The year 2014 is likely to see renewed interest in the African oil and gas sector from global multinationals across the continent. With significant new discoveries in both oil and gas across Africa, the continent’s collective contribution to the sector is expected to reach 13% of global oil production by 2015. According to a recent report by PwC, Africa holds 132 billion barrels of oil or 8% of the worlds’ supply and 513.2 Tcf, or 7%, of the worlds’ gas supply.  This brings opportunities to invest in the sector and is giving rise to some of the continent’s own rising stars.

On a macro level, the US is expected to achieve energy self-sufficiency in the next two decades and become a net exporter of energy. However, the growth in Africa’s oil and gas sector is expected to continue given the growing energy needs of the Asian and European markets.

The West African region is changing and developing fast as the discovery of hydrocarbons in the traditionally under-explored western African nations such as Gambia, Ghana, Senegal and Liberia are set to fundamentally change the economy of this region over the next decade. Additionally, the oil and gas landscape in Africa has extended south and east from the once dominant West African region. African oil companies are expanding across the continent seeking new opportunities and markets, either partnering with one of the global multinationals or investing in their own operations.

One example is NYSE-listed Camac Energy. It operates as an independent oil and gas exploration and production company focused on energy resources in Africa. Its asset portfolio consists of eight licenses in three countries covering an area of 41,000 square kilometres, including production and other projects offshore Nigeria, as well as exploration licenses offshore and onshore Kenya, and offshore Gambia.

Kase Lawal, Chairman and CEO of Camac says, “Africa is full of opportunities. We see enormous potential in the African energy sector.” Across Africa there is a growing consumer middle class driving both industrialisation and urbanisation. To sustain the economic development of these countries, significant capital will need to be invested in upstream, midstream and downstream operations. While part of the capital will come from the region, the sheer scale of the investment requires large external capital inflows. Some of this however, will still come from the traditional sources of Europe and to a lesser degree the Americas. What is different today is that a significant part of this investment will come from new emerging market sources of capital include other markets such as Latin America, the Middle East and Asia, especially China as well as South Africa.
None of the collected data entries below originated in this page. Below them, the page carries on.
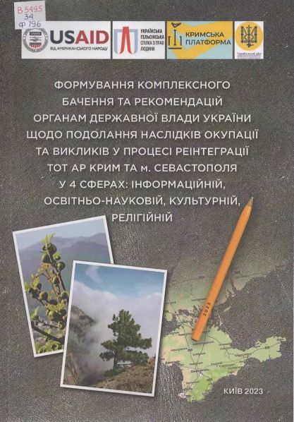 23. Формування комплексного бачення та рекомендацій органам державної влади України щодо подолання наслідків окупації та викликів у процесі реінтеграції ТОТ АР Крим та м. Севастополя у 4 сферах: інформаційній, освітньо-науковій, культурній, релігійній / Українська Гельсінська спілка з прав людини, Кримський центр ділового та культурного співробітництва «Український дім». – Київ : АртЕк, 2023. – 152 с. Шифр: В5495/34/Ф796.
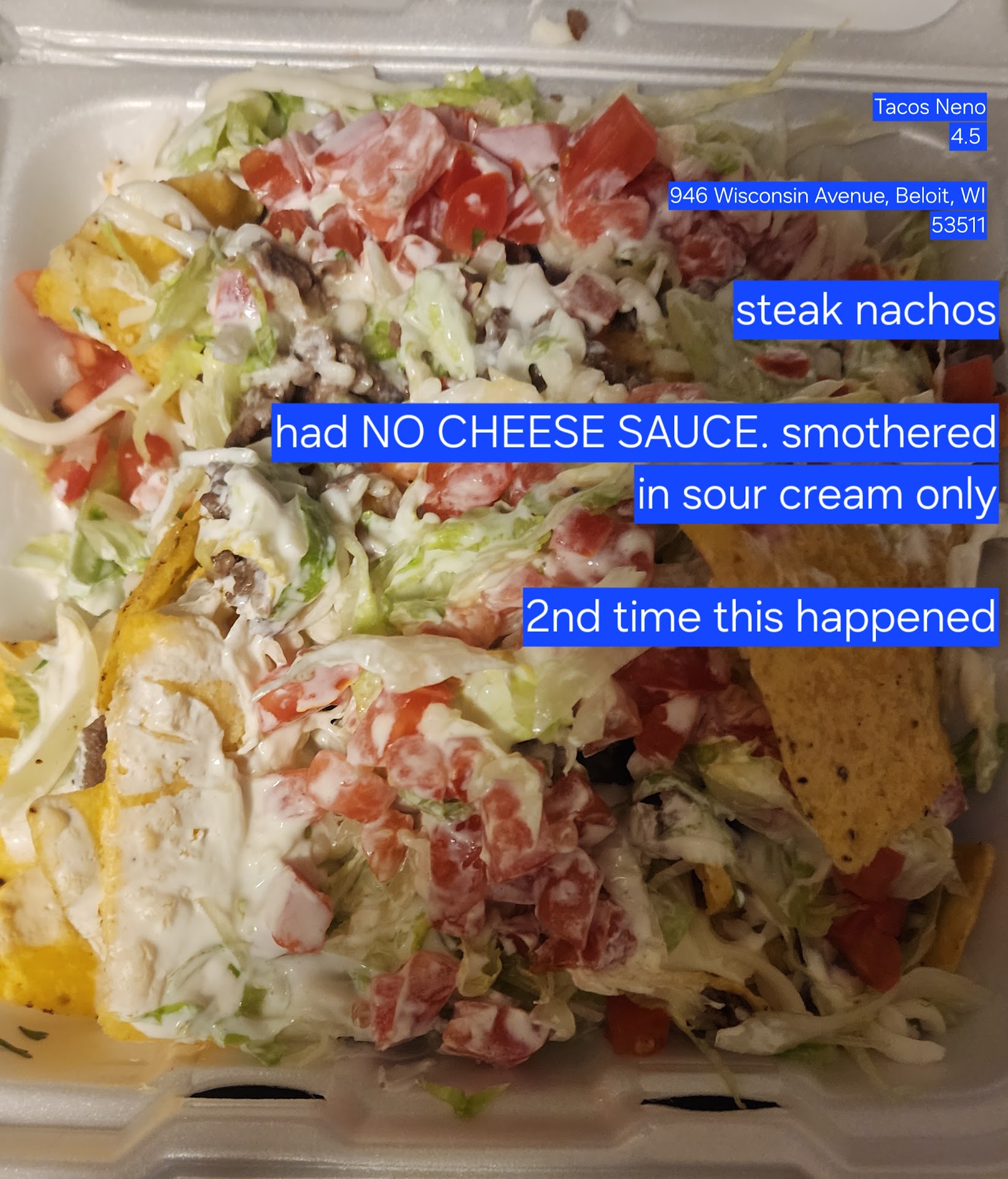 Read moreNormally the best chimichangas since We lived in Texas . But...Ordered for delivery. We usually absolutely love their food. Used to be very generous. Last 2 times, spent $40 for 2 Chimichanga meals and 1 $13.00 steak nachos. No cheese sauce on Chimichangas. Plus, they used to give you 2 full Chimichangas.. now it is 1 1/2... Here's the best part. There was NO CHEESE on $13.00 Beef Nachos. Or Chimichangas. Not sause, not shredded, none. NO CHEESE on NACHOS...WHAT??? Nachos were smothered in SOUR CREAM. NOT CHEESE. (SEE PICS) I called the restaurant, & the girl said they ran out of cheese.. she would have manager call me back. No call. I love their food, so tried again about a month later. SAME EXACT THING, No cheese..at all. What mexican restaurant takes cheese completely off every normally cheesy item? Also, mexican street corn was plain corn.with dollop of white stuff (mayo, sour cream?) dont know, really. That was it. Then plain canned corn for $5.00 Is sad, because they used to be ny favorite restaurant, and request for chips and salsa is...
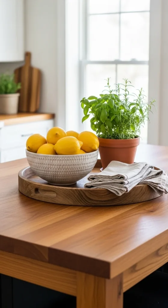 Trays organize decor so it doesn’t interfere with cooking. Keep it low and movable. Mix one living element, one functional item, and one textural piece. Islands act like furniture now.

In late 2013, Camac announced its intention for a secondary listing on the JSE. This is the second by a Nigerian oil company to do so, the other being Oando several years ago. Camac’s JSE listing brings with it the South African Public Investment Corporation’s (PIC) US$270 million equity investment. The PIC will hold close to a 30% ownership in Camac and underpins its exploration, development and growth strategy by providing immediate funding for realizing the 2014 work program which will increase oil production to 14,000 barrels a day this year, which in turn improves the cash flow from increased production which enables further funding and further development in the Oyo oil field off the coast of Nigeria.

“Being dual-listed on both the Johannesburg and New York Stock Exchanges will provide increased liquidity and transparency for shareholders.” Another key issue in the sector is who will own and fund the gas infrastructure and what will be the desired balance in responsibilities between the public and private sectors. Huge capital investment is required and private investors need to be assured of returns on investment.